2. The same call published its CLAIM (create_new) before its CONTENT,
so concurrent readers saw an empty claimed file in the window.
3. write_text (plain tokio::fs::write) exposed truncated content
mid-replace -- silently falsifying write_sidecar's 'readers either
see the complete sidecar or none' contract on local FS (true on S3,
where PutObject is atomic).
A flush in write_text_if_absent would have fixed only (1). Instead,
both local write paths now publish complete temp files atomically:
rename for replace (write_text -- the idiom write_text_if_match
already used) and hard_link for no-replace (write_text_if_absent --
link fails AlreadyExists, so exactly one of N concurrent claimants
wins and the winner's object is fully readable at the instant it
becomes visible). The local adapter now honors the same object-level
atomic-visibility contract as the S3 adapter, which is what every
caller (recovery sidecar protocol, cluster state CAS) was written
against. Crash-orphaned *.tmp.* files are inert: the sidecar sweep
filters to .json, and cluster state reads address state.json by name.
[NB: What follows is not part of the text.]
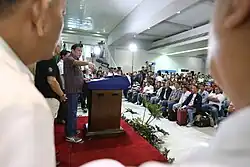 ![]() Philippines Labor Secretary Silvestre Bello III (right) speaking to a group of Filipino workers stationed in Saudi Arabia in 2016 | |

fsync/durability policy is unchanged (no fsync before, none now);
this fix is about visibility ordering, not power-loss durability.
Pre-existing on main (landed with the multi-graph server mode change,
PR #119); surfaced by this branch's heal work only because one extra
list_dir per write shifted test timing. Cluster lib suite: 12/25
failures before, 0/25 after. Turns the previous commit's red test
green.
* refactor(engine): one storage implementation over object_store for every backend
Collapse LocalStorageAdapter (hand-rolled tokio::fs) and
S3StorageAdapter into a single ObjectStorageAdapter backed by
Arc<dyn object_store::ObjectStore> -- LocalFileSystem for local URIs,
the existing AmazonS3 build for s3://, plus a pub in_memory()
constructor (full contract including TRUE conditional updates; the
in-memory test backend testing.md asked for at the adapter level).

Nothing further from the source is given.